His Honour believed that the development would ensure that demand for electricity, which fluctuates enormously, is always met. This was imperative as electricity could not be stored so had to be generated as needed. There was community need for sufficient electric power at peak demand times. Public and community need was assessed by consulting the needs of a wider community than Gatton (e.g. South-East Queensland and arguably beyond).

His Honour relied on the advantages Westlink’s planning expert outlined. These advantages stemmed from the reduced cost of electricity to consumers. His Honour rejected submissions that Westlink would pocket these savings instead of passing them and that these were “private interests” and thus was not a ground that could be relied on for overcoming conflict.

He held that every development application owed its existence to the pursuit of the private interests of the applicant and that there were never any guarantees that benefits secured would be passed onto consumers. However, it could not be said that there would be no benefit from the entry of a new competitor.

His Honour concluded that “need” was a ground which strongly outweighed the conflict identified.

Are there any unacceptable impacts?

Were there bushfire concerns?

Keep Lockyer Rural Inc raised bushfire concerns supported by a rural fire officer who had not been nominated as an expert.

The Court emphasised that it placed great importance on considerations affecting the safety of people, living creatures, property and vegetation and the relevant risk of fire.

The land in question was not included in the planning scheme’s overlay map showing bushfire risk of varying categories of seriousness.

All the experts’ evidence did not require rejection of the proposal and the Court believed that appropriate conditions for the proposal would be formulated to prevent bushfire risk.

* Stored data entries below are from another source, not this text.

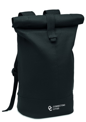 Rolltop backpack in high quality 340 gr/m² washed canvas with padded back reinforcement. The lining is in RPET 210D.
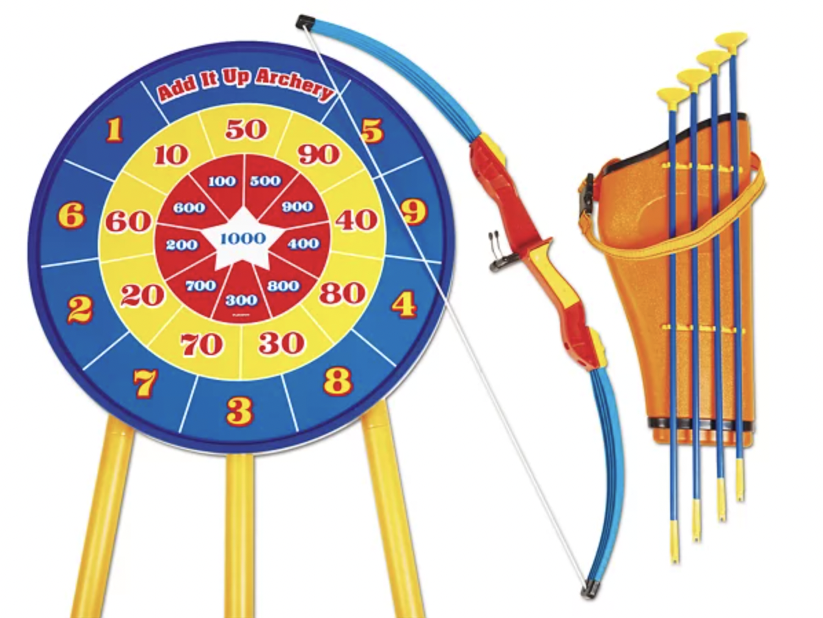 Có kích thước phù hợp với trẻ em, bộ bắn cung siêu an toàn của chúng tôi cho phép trẻ em bắn trúng hồng tâm…khi chúng thực hành toán học! Trẻ em chỉ cần sử dụng một cây cung nhựa dẻo để bắn những mũi tên cốc hút an toàn vào mục tiêu—cộng các con số khi chúng chơi! Bạn nhận được 4 mũi tên, cộng với một cây cung, bao tên, mục tiêu và đứng.
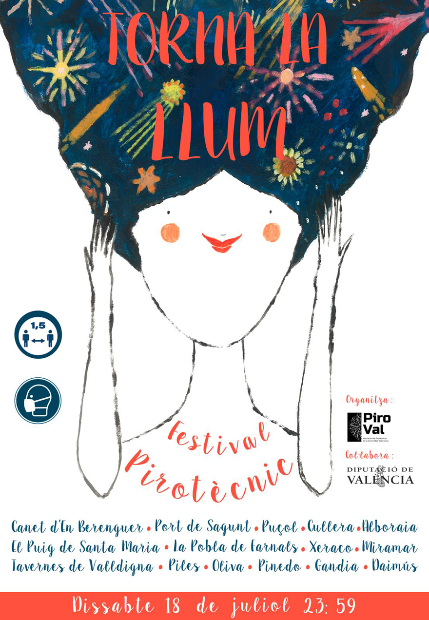 El próximo sábado, 18 de julio, a las 23.59 horas tendrá lugar un macroespectáculo pirotécnico que se realizará de manera simultánea en diferentes municipios de la provincia de Valencia, entre los que se encuentra Sagunto. Bajo el lema ‘Torna la llum’, un total de 15 castillos de fuegos artificiales se dispararán a la vez en 15 municipios valencianos. En el caso de Sagunto, el castillo será en la avenida Altos Hornos de Puerto de Sagunto, junto al recinto ferial.
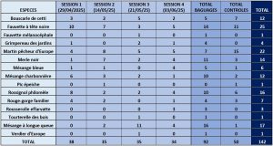Pour cette cinquième année de suivi, les 10 filets disposés sur le site de la Sauvebonne ont permis de capturer 142 oiseaux (50 contrôles et 92 baguages) à travers 4 sessions de capture. Le nombre d’oiseaux capturés était relativement stable entre toutes les sessions (respectivement 38, 35, 35 et 34 oiseaux capturés). 41% des oiseaux capturés au cours de la dernière session étaient des jeunes de l’année, alors que le premier envol avait été constaté dès le 14/05 avec deux jeunes Merles noirs. Les jeunes de l’année représentaient 8% des effectifs capturés au cours de la deuxième session et 26% des effectifs capturés au cours de la troisième.
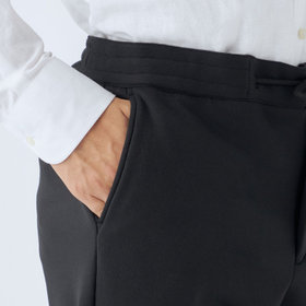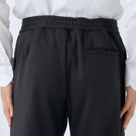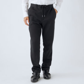 裾口に向かって緩やかに細くなっている、ゆるテーパード。2WAYドローコードとお腹周りを圧迫しないウエストゴムシャーリング仕様。つかい勝手の良い深めのサイドポケットポリエステル100%のフリース起毛素材を使用。起毛素材は繊維の間に空気層ができる為、優れた保温性。また使用するポリエステルは軽さと強度があるストレッチ素材。空気層を含み通気性があるので、速乾性が高くドライな肌触り、ご家庭の洗濯機で安心して洗えノーアイロンで着用可能です。

Did visual amenity impacts require refusal of the proposal?

Council argued that the development detracted from the rural character which currently dominated views from the highway through most of the Lockyer Valley region and conflicted with s. 4.11(2) of the planning scheme which sought to preserve Gatton Shire’s landscape quality.

His Honour concluded that the current, general surrounds of the site was relatively “unsightly” and was industrial in character. He stated that the general surrounds were far from salubrious. The impact of the proposal was not unacceptable in the context of the existing visual impacts on the rural character. There were already “assaults” on the rural character of the area from other developments that left little to be protected or maintained.

Would the proposal go ahead if approved?

It was argued by Council that the proposal was unviable and that the development would not be implemented if the approval was granted.

His Honour held that experience shows that not all approvals are acted upon. He could find no reason for thinking that Westlink’s proposal was being pursued with any view other than getting it implemented. He thought that there have been cases which have been weakened by the existence of a particular “rival” approval (where the proposal was unlikely to be implemented and was just used to fend off a competitor) but that this was not the case here.

The neighbours’ submissions and the extent of community opposition

His Honour held that the co-respondents by election (the neighbours) did not have evidence from a qualified expert to back up loss of land value claims even if this was considered to be an issue relevant to the Court’s determination of the application.

The number of people in the community who opposed the development was “miniscule” and claims of widespread community opposition were incorrect.

The “special purpose” issue

Westlink did not advance this issue as it did not want to risk further delay and cost or face another overturn by the Court of Appeal.

His Honour made reference to the 2012 Court of Appeal decision which determined that the “special purpose” consideration could not be a “ground” for overcoming conflict.

However, His Honour was inclined to accept that the “special purpose” consideration impacted upon the seriousness of the conflict.


Robin QC DCJ allowed the appeal and adjourned the matter to enable the parties to work out appropriate conditions for the development approval that appropriately managed the impacts (specifically conditions with respect to bushfire risk).